Record set:

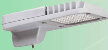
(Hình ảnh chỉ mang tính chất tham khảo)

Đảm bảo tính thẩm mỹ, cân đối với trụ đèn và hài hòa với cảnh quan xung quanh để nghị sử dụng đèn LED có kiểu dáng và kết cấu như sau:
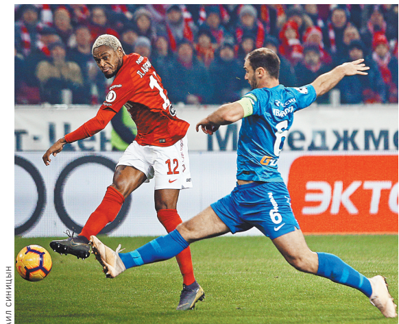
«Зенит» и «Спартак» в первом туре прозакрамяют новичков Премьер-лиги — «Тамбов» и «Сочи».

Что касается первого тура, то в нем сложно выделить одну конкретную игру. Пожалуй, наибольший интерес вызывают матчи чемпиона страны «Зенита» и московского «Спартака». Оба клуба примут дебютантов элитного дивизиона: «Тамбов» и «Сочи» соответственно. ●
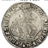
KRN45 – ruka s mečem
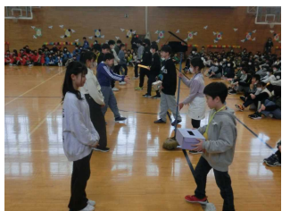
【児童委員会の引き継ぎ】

* * *

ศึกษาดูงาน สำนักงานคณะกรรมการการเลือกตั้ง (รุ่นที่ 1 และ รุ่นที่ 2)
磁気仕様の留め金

Task prompt: Look above for the line with "(Hình ảnh chỉ mang tính chất tham khảo)" and the line with "в первом туре"; set down those two lines and all lines between them exactly, without pictures and without anything else.

Answer to the problem:
(Hình ảnh chỉ mang tính chất tham khảo)

Đảm bảo tính thẩm mỹ, cân đối với trụ đèn và hài hòa với cảnh quan xung quanh để nghị sử dụng đèn LED có kiểu dáng và kết cấu như sau:
«Зенит» и «Спартак» в первом туре прозакрамяют новичков Премьер-лиги — «Тамбов» и «Сочи».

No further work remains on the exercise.